In this work, four different system configurations were studied with the following objectives: 1) maximizing the system’s temperature lift and 2) measuring the cooling capacity as a function of the useful temperature lift of the system when operating as a water chiller. The first configuration was based on the thermowave heat recovery strategy, while the other three were based on a single stage, two-stage and reciprocating variants of the active regeneration cycle.
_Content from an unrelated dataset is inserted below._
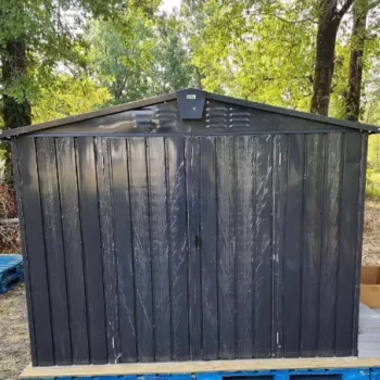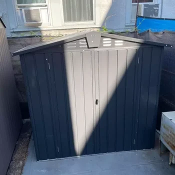 Our garden shed stands out for its blend of functionality and style. It’s perfect for anyone seeking a reliable storage solution that complements their outdoor decor. The shed’s grey color and sleek design add a touch of sophistication to any garden, while its robust construction ensures your belongings are protected against the elements.

From the studied configurations the thermowave-based cycle achieved a system’s temperature lift of 8 K, at large average strain of 4.5%. It produced a maximum useful temperature lift of 5 K and a maximum cooling capacity of 125 W. All active regeneration-based cycles achieved similar final results while the best results was a system’s temperature lift of 21.3 K at a low average strain of 3.5% and a maximum useful temperature lift of 6.5 K and a maximum cooling capacity between 16 W and 25 W. The advantage of the reciprocating system integration is that it can achieve these results at lower strain than the one- stage and two-stage configurations.

This dissertation identified a fundamental limitation of the active regeneration cycles using single composition elastocaloric materials. It is due to the fact that the local strain is larger than the average strain where the temperature is lower, which limits the maximum applicable average strain to prevent premature failure. This directly affects both the temperature lift and cooling capacity of the system. Different alternatives to address this issue, as well as how to improve the overall thermal and structural performance of the system within the constraints of the materials commercially available are suggested.